YOUR TASK: Below are some records: retype them all exactly, but not the pictures.

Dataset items
- - -
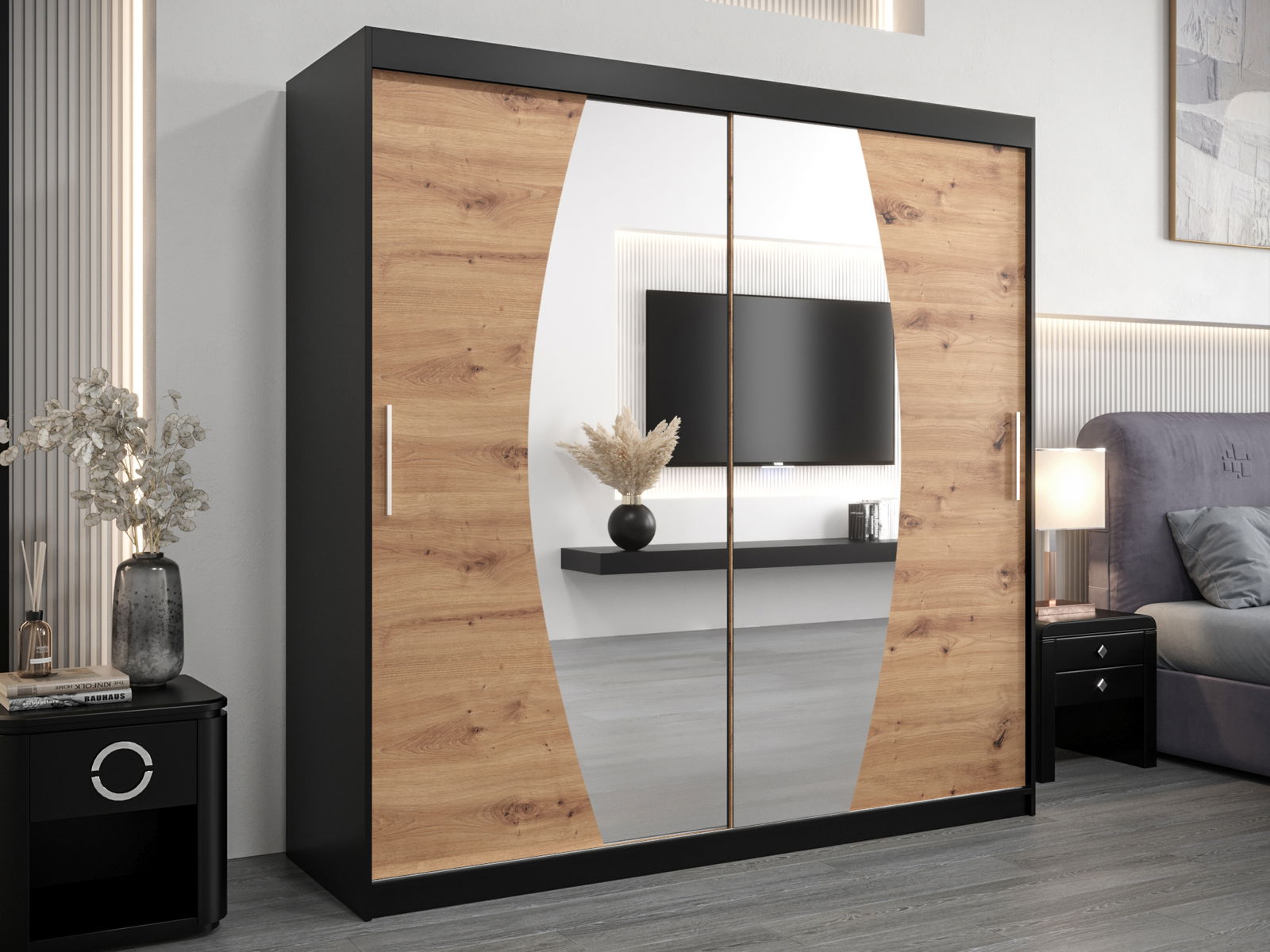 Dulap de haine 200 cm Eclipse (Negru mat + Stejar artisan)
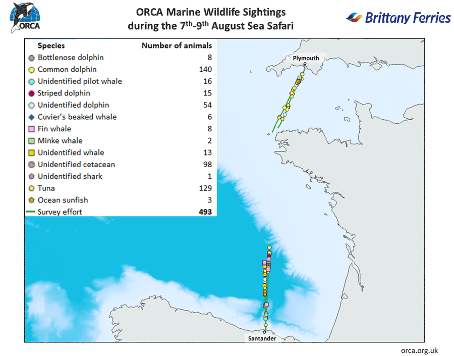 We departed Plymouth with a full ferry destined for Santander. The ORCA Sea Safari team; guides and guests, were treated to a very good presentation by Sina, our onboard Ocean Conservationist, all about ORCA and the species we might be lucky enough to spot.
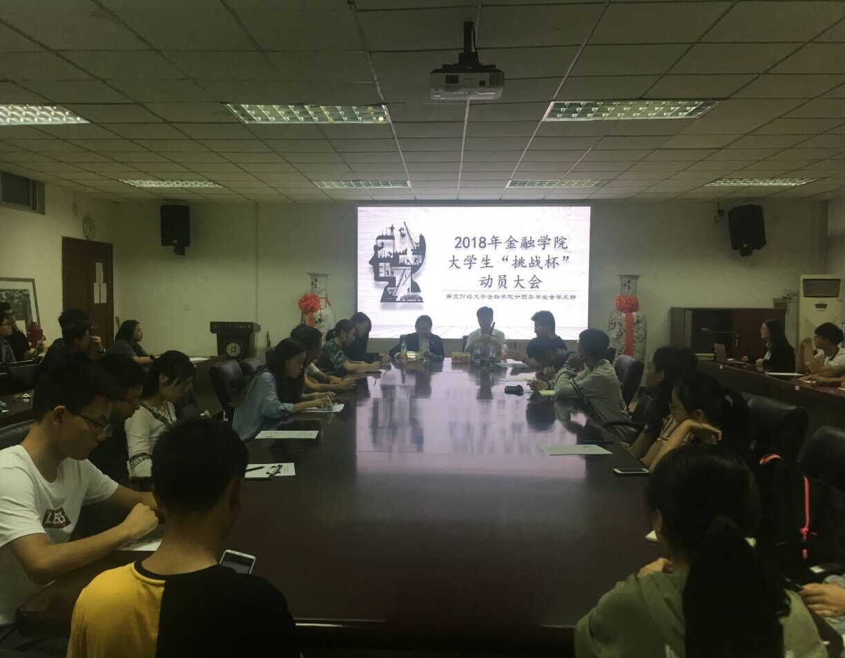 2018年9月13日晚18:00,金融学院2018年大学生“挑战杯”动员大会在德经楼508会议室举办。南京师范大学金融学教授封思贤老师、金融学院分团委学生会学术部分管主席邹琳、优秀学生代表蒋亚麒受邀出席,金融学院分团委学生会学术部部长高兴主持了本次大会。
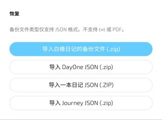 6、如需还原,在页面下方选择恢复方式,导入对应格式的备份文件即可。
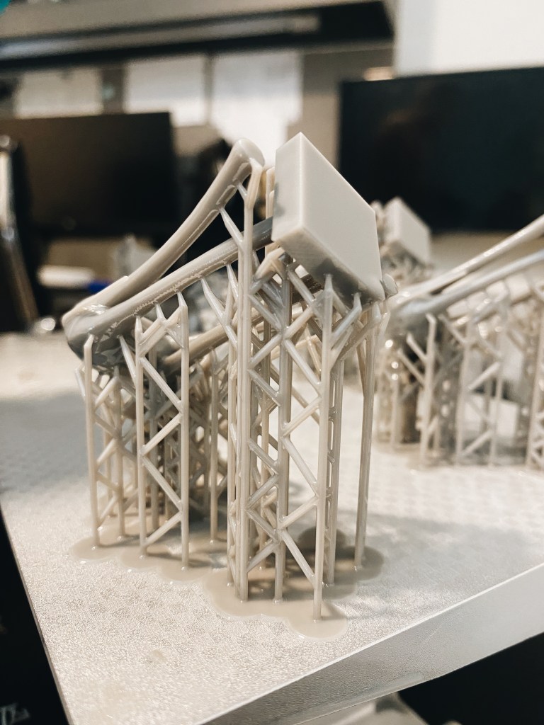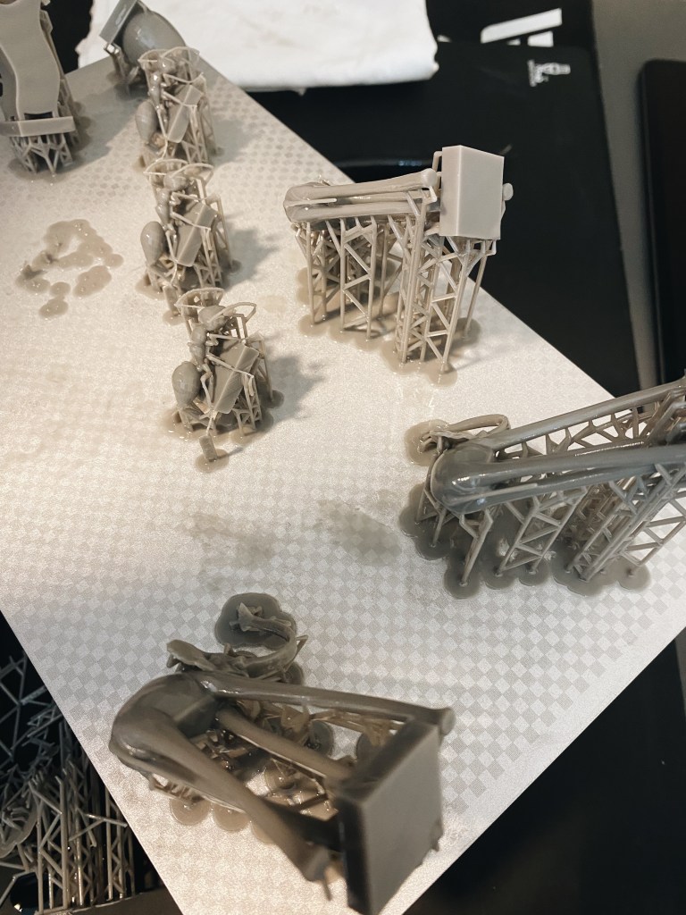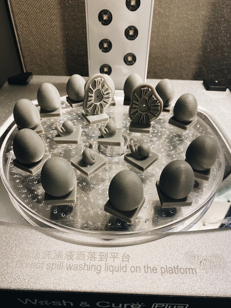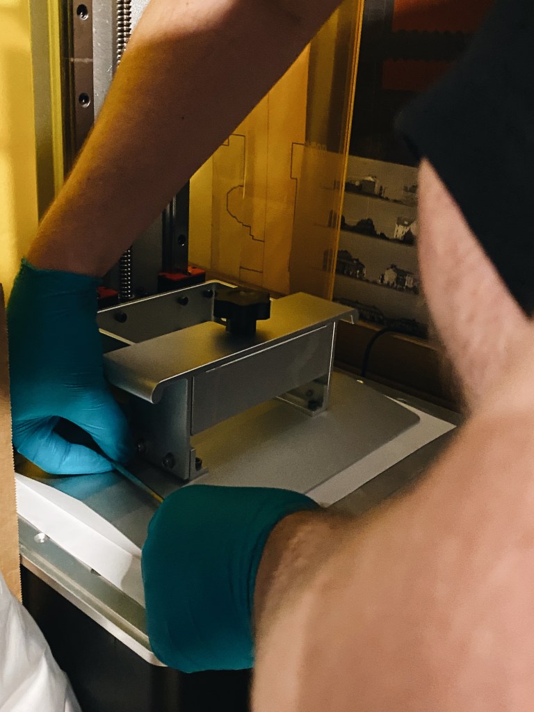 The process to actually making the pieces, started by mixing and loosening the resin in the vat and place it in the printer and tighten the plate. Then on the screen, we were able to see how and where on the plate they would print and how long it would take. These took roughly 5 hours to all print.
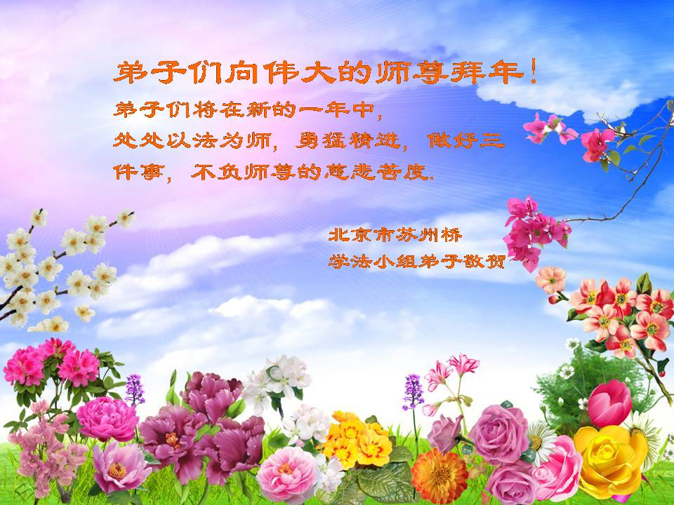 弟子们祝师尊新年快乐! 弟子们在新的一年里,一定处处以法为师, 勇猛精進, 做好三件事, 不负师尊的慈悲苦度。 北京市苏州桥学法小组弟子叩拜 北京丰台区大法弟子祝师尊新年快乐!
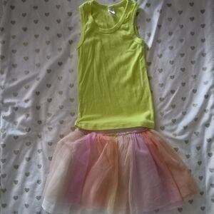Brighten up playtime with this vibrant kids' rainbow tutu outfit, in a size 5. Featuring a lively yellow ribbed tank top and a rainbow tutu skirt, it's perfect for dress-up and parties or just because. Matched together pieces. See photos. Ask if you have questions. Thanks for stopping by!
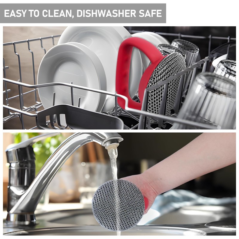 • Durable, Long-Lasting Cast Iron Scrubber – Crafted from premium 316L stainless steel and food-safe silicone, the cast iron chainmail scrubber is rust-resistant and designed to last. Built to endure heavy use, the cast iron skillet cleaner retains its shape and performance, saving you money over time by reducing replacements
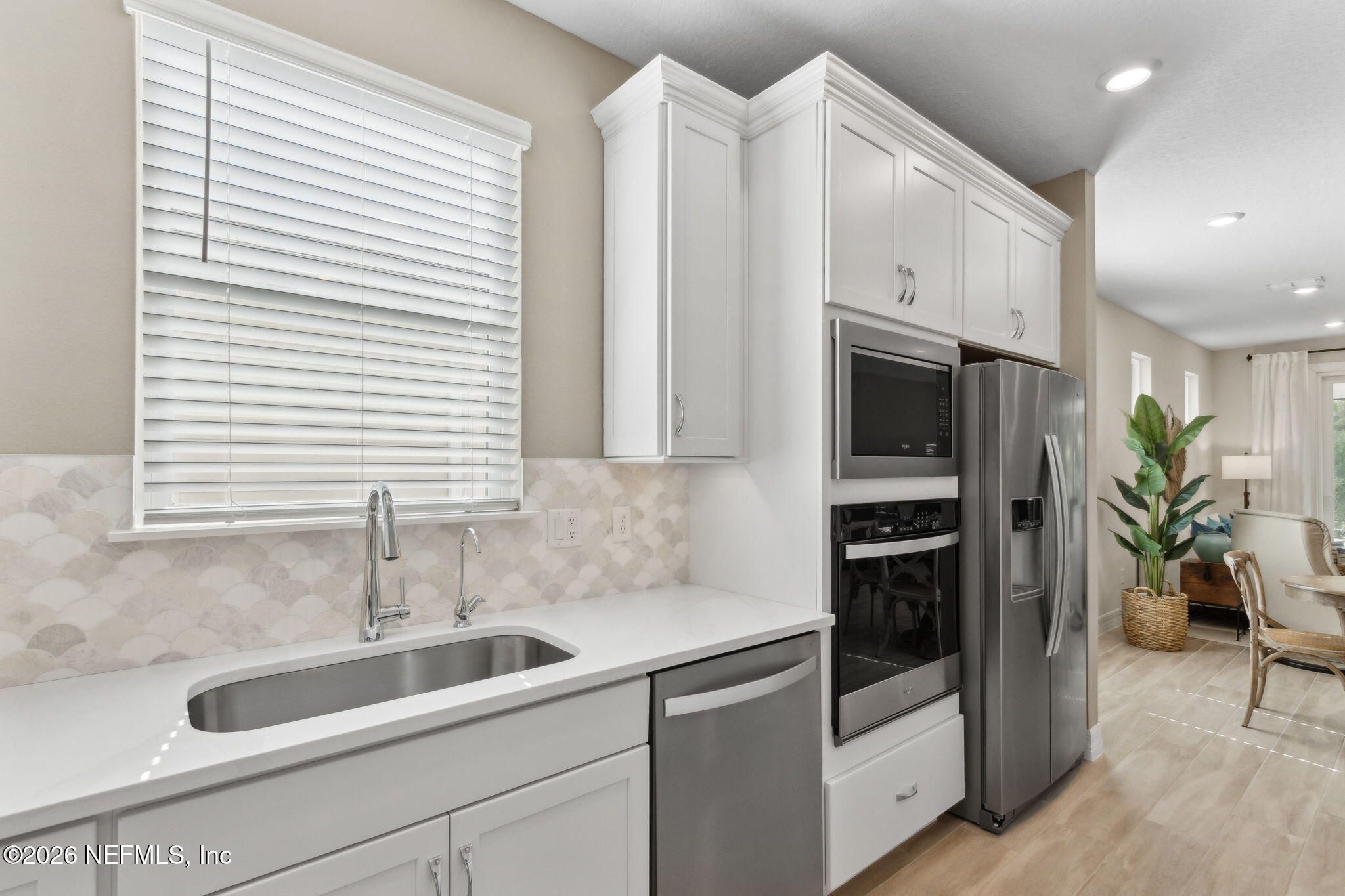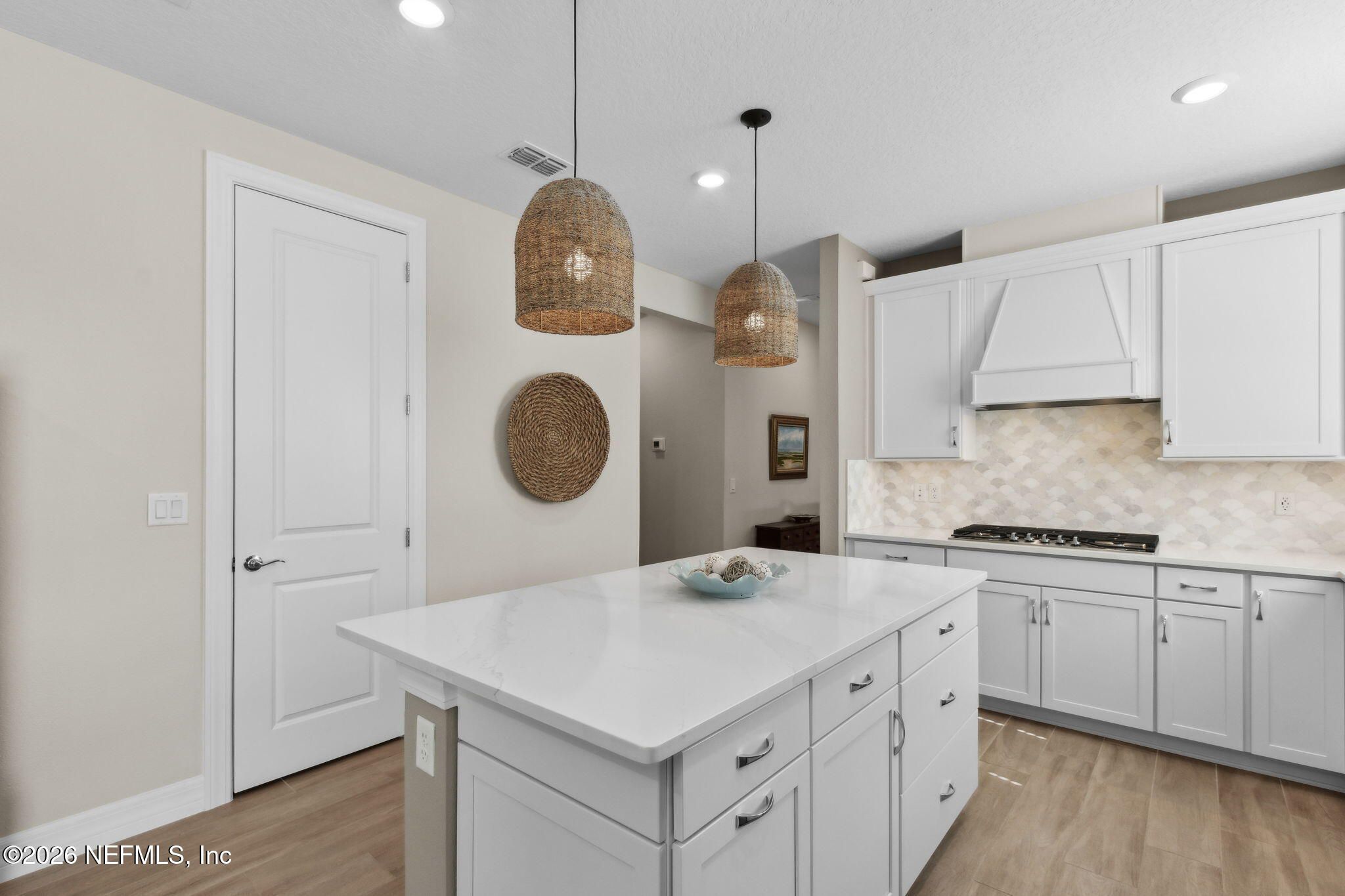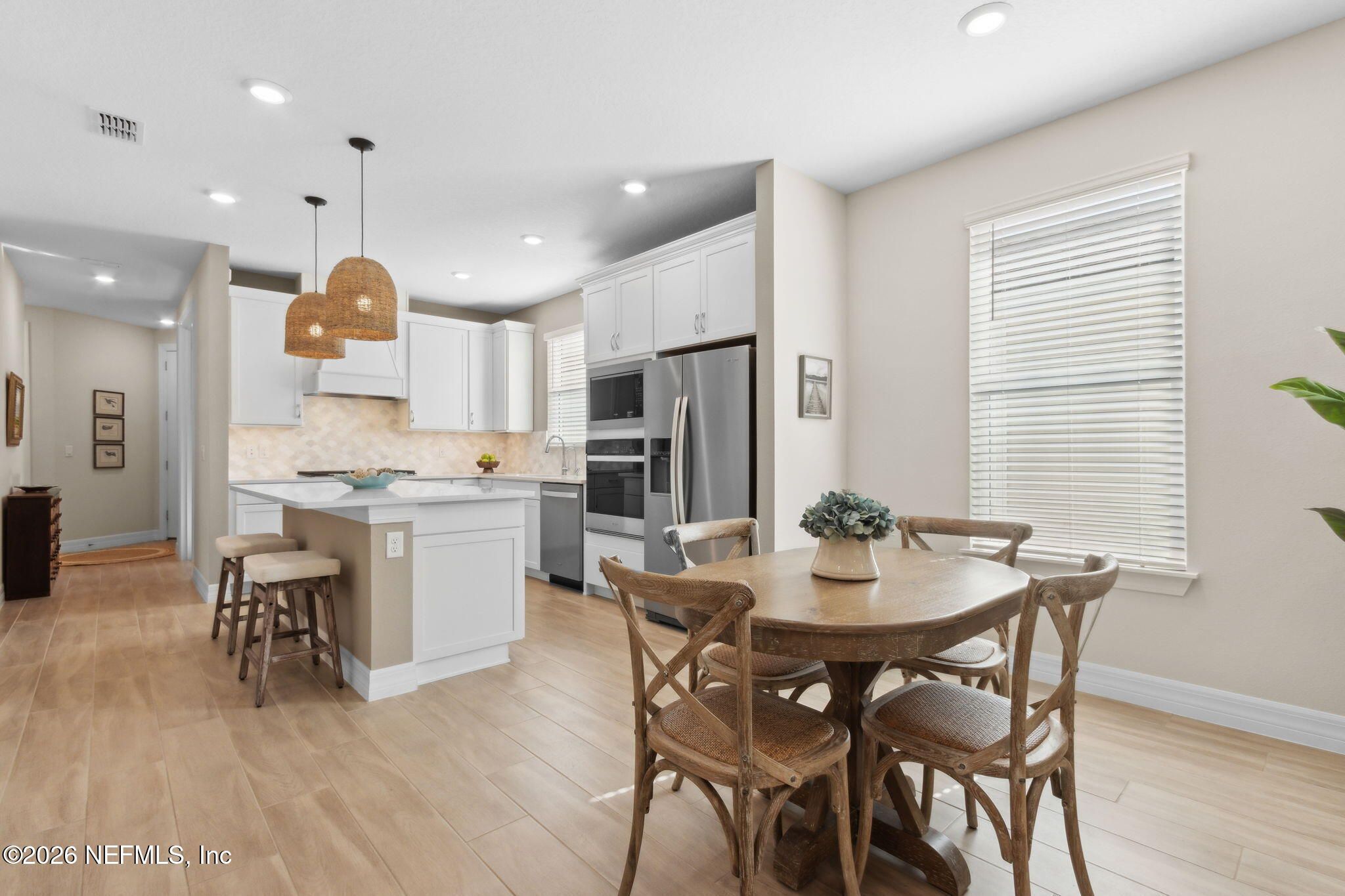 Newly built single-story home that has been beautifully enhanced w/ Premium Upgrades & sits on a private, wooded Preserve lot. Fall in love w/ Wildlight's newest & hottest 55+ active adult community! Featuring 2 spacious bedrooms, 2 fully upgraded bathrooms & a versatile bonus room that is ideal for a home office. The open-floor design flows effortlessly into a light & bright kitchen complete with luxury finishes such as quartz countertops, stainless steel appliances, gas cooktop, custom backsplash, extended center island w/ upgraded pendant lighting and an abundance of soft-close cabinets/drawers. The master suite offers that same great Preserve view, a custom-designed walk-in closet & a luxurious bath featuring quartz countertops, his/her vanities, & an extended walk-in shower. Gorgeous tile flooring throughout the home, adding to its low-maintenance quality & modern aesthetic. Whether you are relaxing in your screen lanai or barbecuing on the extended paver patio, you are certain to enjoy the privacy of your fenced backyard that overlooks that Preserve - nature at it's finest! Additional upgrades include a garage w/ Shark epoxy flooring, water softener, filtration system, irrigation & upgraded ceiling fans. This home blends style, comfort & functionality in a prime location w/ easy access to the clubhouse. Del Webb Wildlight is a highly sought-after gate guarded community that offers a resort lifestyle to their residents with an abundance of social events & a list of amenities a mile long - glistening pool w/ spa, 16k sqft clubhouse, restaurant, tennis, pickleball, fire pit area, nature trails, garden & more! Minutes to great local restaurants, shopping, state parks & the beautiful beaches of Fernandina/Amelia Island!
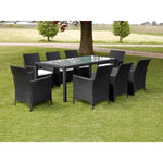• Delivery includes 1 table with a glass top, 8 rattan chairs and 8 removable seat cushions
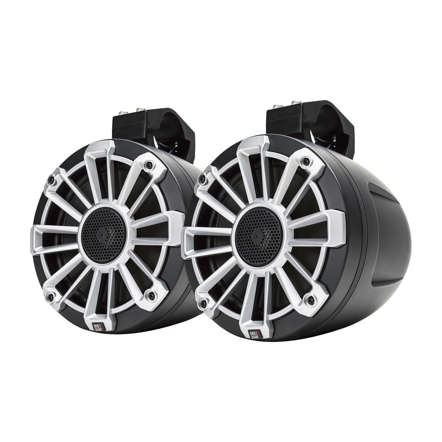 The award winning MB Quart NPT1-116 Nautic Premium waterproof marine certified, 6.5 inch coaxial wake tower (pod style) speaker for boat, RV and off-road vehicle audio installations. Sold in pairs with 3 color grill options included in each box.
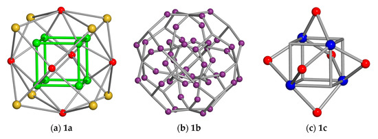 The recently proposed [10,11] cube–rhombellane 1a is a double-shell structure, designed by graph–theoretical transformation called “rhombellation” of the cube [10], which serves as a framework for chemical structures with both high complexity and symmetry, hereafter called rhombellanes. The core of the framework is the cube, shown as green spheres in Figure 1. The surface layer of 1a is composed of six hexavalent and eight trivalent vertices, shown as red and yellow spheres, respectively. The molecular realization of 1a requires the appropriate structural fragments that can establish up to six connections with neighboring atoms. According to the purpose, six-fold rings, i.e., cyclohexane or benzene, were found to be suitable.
- - -
ANSWER SPACE:
 Dulap de haine 200 cm Eclipse (Negru mat + Stejar artisan)
 We departed Plymouth with a full ferry destined for Santander. The ORCA Sea Safari team; guides and guests, were treated to a very good presentation by Sina, our onboard Ocean Conservationist, all about ORCA and the species we might be lucky enough to spot.
 2018年9月13日晚18:00,金融学院2018年大学生“挑战杯”动员大会在德经楼508会议室举办。南京师范大学金融学教授封思贤老师、金融学院分团委学生会学术部分管主席邹琳、优秀学生代表蒋亚麒受邀出席,金融学院分团委学生会学术部部长高兴主持了本次大会。
 6、如需还原,在页面下方选择恢复方式,导入对应格式的备份文件即可。
 The process to actually making the pieces, started by mixing and loosening the resin in the vat and place it in the printer and tighten the plate. Then on the screen, we were able to see how and where on the plate they would print and how long it would take. These took roughly 5 hours to all print.
 弟子们祝师尊新年快乐! 弟子们在新的一年里,一定处处以法为师, 勇猛精進, 做好三件事, 不负师尊的慈悲苦度。 北京市苏州桥学法小组弟子叩拜 北京丰台区大法弟子祝师尊新年快乐!
Brighten up playtime with this vibrant kids' rainbow tutu outfit, in a size 5. Featuring a lively yellow ribbed tank top and a rainbow tutu skirt, it's perfect for dress-up and parties or just because. Matched together pieces. See photos. Ask if you have questions. Thanks for stopping by!
 • Durable, Long-Lasting Cast Iron Scrubber – Crafted from premium 316L stainless steel and food-safe silicone, the cast iron chainmail scrubber is rust-resistant and designed to last. Built to endure heavy use, the cast iron skillet cleaner retains its shape and performance, saving you money over time by reducing replacements
 Newly built single-story home that has been beautifully enhanced w/ Premium Upgrades & sits on a private, wooded Preserve lot. Fall in love w/ Wildlight's newest & hottest 55+ active adult community! Featuring 2 spacious bedrooms, 2 fully upgraded bathrooms & a versatile bonus room that is ideal for a home office. The open-floor design flows effortlessly into a light & bright kitchen complete with luxury finishes such as quartz countertops, stainless steel appliances, gas cooktop, custom backsplash, extended center island w/ upgraded pendant lighting and an abundance of soft-close cabinets/drawers. The master suite offers that same great Preserve view, a custom-designed walk-in closet & a luxurious bath featuring quartz countertops, his/her vanities, & an extended walk-in shower. Gorgeous tile flooring throughout the home, adding to its low-maintenance quality & modern aesthetic. Whether you are relaxing in your screen lanai or barbecuing on the extended paver patio, you are certain to enjoy the privacy of your fenced backyard that overlooks that Preserve - nature at it's finest! Additional upgrades include a garage w/ Shark epoxy flooring, water softener, filtration system, irrigation & upgraded ceiling fans. This home blends style, comfort & functionality in a prime location w/ easy access to the clubhouse. Del Webb Wildlight is a highly sought-after gate guarded community that offers a resort lifestyle to their residents with an abundance of social events & a list of amenities a mile long - glistening pool w/ spa, 16k sqft clubhouse, restaurant, tennis, pickleball, fire pit area, nature trails, garden & more! Minutes to great local restaurants, shopping, state parks & the beautiful beaches of Fernandina/Amelia Island!
• Delivery includes 1 table with a glass top, 8 rattan chairs and 8 removable seat cushions
 The award winning MB Quart NPT1-116 Nautic Premium waterproof marine certified, 6.5 inch coaxial wake tower (pod style) speaker for boat, RV and off-road vehicle audio installations. Sold in pairs with 3 color grill options included in each box.
 The recently proposed [10,11] cube–rhombellane 1a is a double-shell structure, designed by graph–theoretical transformation called “rhombellation” of the cube [10], which serves as a framework for chemical structures with both high complexity and symmetry, hereafter called rhombellanes. The core of the framework is the cube, shown as green spheres in Figure 1. The surface layer of 1a is composed of six hexavalent and eight trivalent vertices, shown as red and yellow spheres, respectively. The molecular realization of 1a requires the appropriate structural fragments that can establish up to six connections with neighboring atoms. According to the purpose, six-fold rings, i.e., cyclohexane or benzene, were found to be suitable.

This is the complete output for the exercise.